Canadian curler (born 1990)

Brett Philip Gallant (/gə'lænt/ gə-LANT; born February 18, 1990, in Charlottetown, Prince Edward Island) is a Canadian curler from Chestermere, Alberta. He is the 2026 Milano Cortina Olympic gold medallist, a former World Champion, and 2022 Beijing Olympic bronze medallist. He currently plays second on Team Brad Jacobs.

==Career==
===Juniors===
Gallant has represented Prince Edward Island in the Canadian Junior Curling Championships numerous times, winning the 2009 Canadian Junior Curling Championships on his fourth attempt. Gallant won five straight provincial titles in P.E.I. from 2006 to 2010. He holds the record for most all-time wins at the Canadian Juniors (48), which he set after his second win at the 2010 Canadian Junior Curling Championships. Gallant also won a bronze medal for P.E.I. at the 2007 Canada Games.

At the 2009 World Junior Curling Championships, Gallant represented Team Canada, and after placing first after the round-robin, lost in the final to Denmark's Rasmus Stjerne rink.

===Men's===
====2012–2022: Team Gushue====
Gallant joined Brad Gushue's team during the 2012–13 season as the team's third and moved to Newfoundland and Labrador in the process. The team would win the 2013 Newfoundland and Labrador Tankard, sending them to the 2013 Tim Hortons Brier, Gallant's first. The team would make the playoffs with an 8–3 record. They would lose the 3 vs. 4 game to Northern Ontario's Brad Jacobs and the bronze medal game to Ontario's Glenn Howard. The Gushue rink failed to make the playoffs at the 2014 Tim Hortons Brier after going 6–5 in the round-robin. Mark Nichols rejoined the team for the following season, and Gallant moved to second on the team. They would improve on their best finish at the 2015 Tim Hortons Brier, where they lost in the semifinal to Team Canada, skipped by Pat Simmons. During the 2014–15 season, Gallant would also win his first Grand Slam of Curling event, the 2014 Masters and the 2014 Canadian Open.

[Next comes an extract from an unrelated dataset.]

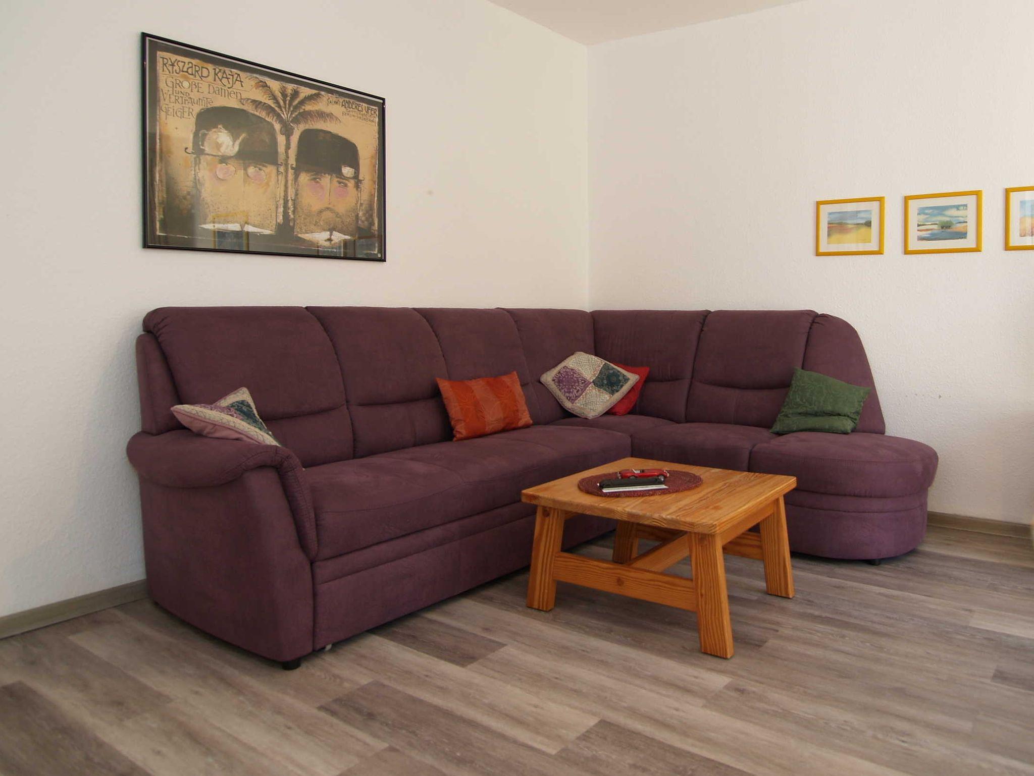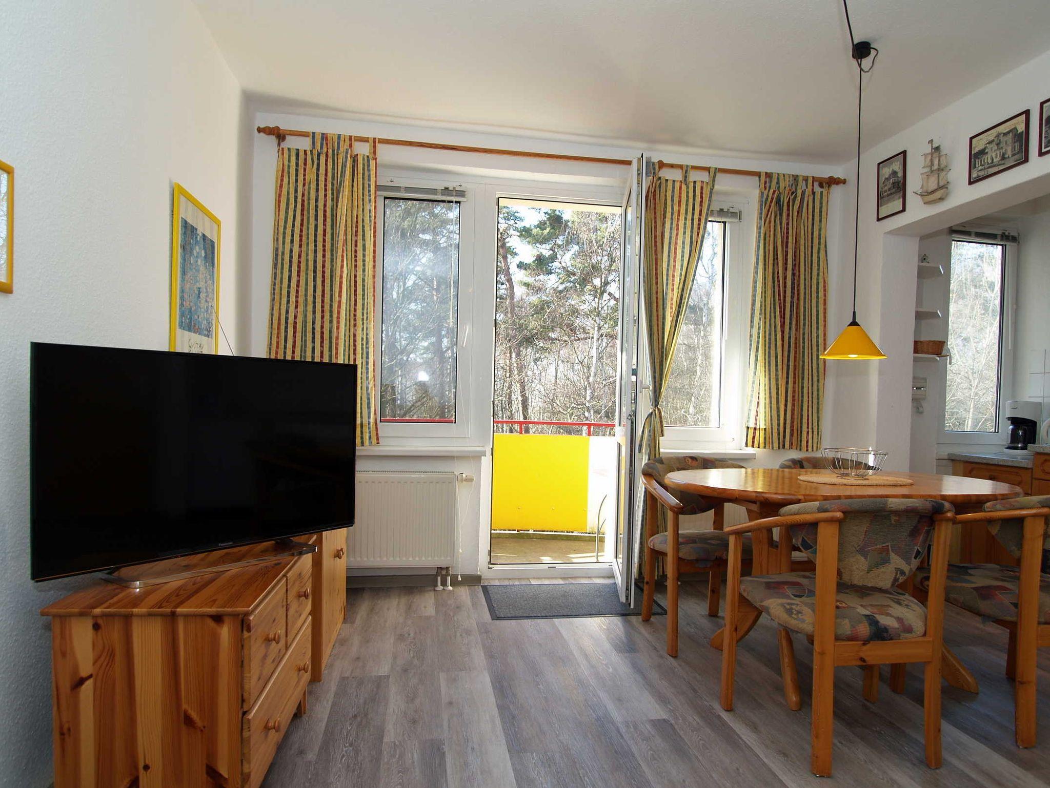 Der gemütliche Wohnraum ist ausgestattet mit einer Wohnlandschaft und einem 39-Zoll-Flachbild-TV. Der angrenzende Essbereich bietet Ihnen reichlich Platz für gemeinsame Mahlzeiten. Die offene Küchenzeile hält für Sie alle wichtigen Küchengeräte und -utensilien bereit, die Sie für Ihr perfektes Dinner benötigen: Ein 4-Platten-Herd mit Dunstabzug, ein Backofen, ein Kühlschrank mit Gefrierfach, ein Geschirrspüler sowie Mikrowelle befinden sich in der Küche. Eine Kaffeemaschine, ein Wasserkocher und ein Toaster sowie genügend Koch- und Essgeschirr vervollständigen die Kücheneinrichtung. Vom Wohnraum betreten Sie den möblierten West-Balkon, der zu langen Abenden zu einem Glas Wein und romantischen Sonnenuntergängen einlädt. Seitlich können Sie von hier auch einen Blick auf die Ostsee erhaschen.

The Gushue rink would win three more slams during the 2015–16 season, the 2015 National, the 2016 Elite 10 and the 2016 Players' Championship. With their successful tour season, the team entered the 2016 Tim Hortons Brier as the number one seed. They led Newfoundland and Labrador to a 9–2 round-robin record, earning them a spot in the 1 vs. 2 game. They would defeat Northern Ontario's Jacobs before losing to Alberta's Kevin Koe 9–5 in the final. The team finished second on the CTRS standings for the season, just behind the Koe rink.

Team Gushue added one more slam title during the 2016–17 season at the 2017 Canadian Open. The team would also have their most successful Brier to date at the 2017 Tim Hortons Brier, which was hosted in St. John's. They once again finished 9–2 in the round-robin and would win the 1 vs. 2 game over Manitoba's Mike McEwen rink. Tied 6–6 in the final end of the final against Koe, Gushue needed to draw a full eight-foot to win the title. The team swept it all the way down the sheet, and the stone was just close enough for the win. It was Newfoundland's first Brier title since 1976. The team represented Canada at the 2017 World Men's Curling Championship, where they went undefeated en route to capturing the gold medal. The whole Canadian team was named the All-Star Team for the tournament. This would earn them first place on the CTRS standings for the season.

The team followed this successful season up with another great season for the 2017–18 season. It did come with a bit of heartbreak, though, as the team lost the semifinal of the 2017 Canadian Olympic Curling Trials. They shook this off, though, able to win three more slams, the 2017 Tour Challenge, the 2017 Masters, and the 2018 Humpty's Champions Cup. His rink would defend their title at the 2018 Tim Hortons Brier. Representing Team Canada, they went 10–1 through the round-robin and championship pool and defeated Alberta's Brendan Bottcher 6–4 in the final. They would lose the final of the 2018 World Men's Curling Championship to Sweden's Niklas Edin team.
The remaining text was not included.